(RNN) - U.S. Senator Luther Strange and former Chief Justice Roy Moore are in a statistical tie less than three weeks before the Republican Primary for a statewide special election for Alabama's U.S. Senate, according to an exclusive new poll by the Raycom News Network and Strategy Research out of Mobile.
The crowded Republican field finds only three candidates with double digit support. Sen. Strange received 35% support of "likely" registered voters; Moore received 33% and U.S. Rep. Mo Brooks appears to be a distant third with 16% in the survey.
Strange and Moore are the only two of a nine candidate Republican field who have ever been elected to statewide office. Rep. Brooks serves Alabama's Fifth Congressional District, which includes Huntsville.
"I don't want to to count Mo (Brooks) out," pollster Jon Gray of Strategic Research and Public Relations said. "He's got money and he just started spending on TV, but Judge Moore is neck and neck with Luther Strange."
VIDEO: Poll Methodology
Sixty-five percent of the registered voters in our exclusive poll identified as Republicans.
Among Democrats, Robert Kennedy, Jr., leads a field of seven candidates with 49%. The poll finds former U.S. Attorney Doug Jones second with 28%. The remaining field received support in the single digits.
"It shows how much voter I.D. really means," Gray said. "This Robert Kennedy is a young man from south Alabama and he's got a really good name."
Gray believes many people in the poll likely identified the name as the brother of the late President John Kennedy. That Robert Kennedy served as U.S. Attorney General and was assassinated in 1968 during a run for the Democratic nomination for president.
The random phone survey of 3,000 registered voters was conducted on Monday, July 24. Only "likely" voters responses are included in the candidate choices with a margin of error of plus or minus 2%.
Upon receiving details of the exclusive poll, several candidates expressed caution that a special election held in the summer as school resumes offers unique circumstances.
"They [polls] would have value if this were a normal general election where they have large turnout of voters, but this is a special election," Rep.
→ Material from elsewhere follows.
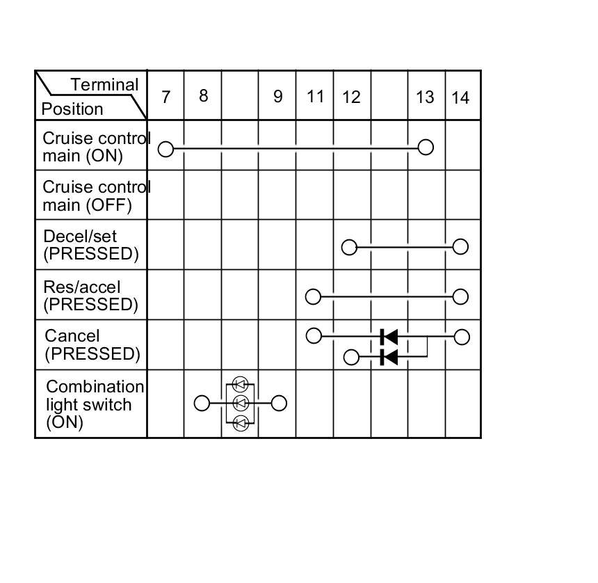 3. Check for continuity between the terminals in each cruise control combination switch assembly position according to the table:

Brooks responded about his showing in the poll.
Both Strange and Moore offered a cautious view.
"They make you feel good if you were leading, but the only poll that counts is the election day poll and I've been through this enough to know you have to earn every vote and get people to the polls to vote for you," Sen. Strange said.
"The only poll that really matters is the one on August 15th," Moore said. "In the meantime, I'll continue to push forward my message of strengthening our military, protecting our borders and repealing Obamacare."
Moore has mentioned in recent campaign events that polls suggest he will make the runoff and it will be a race to see who is in the runoff with him.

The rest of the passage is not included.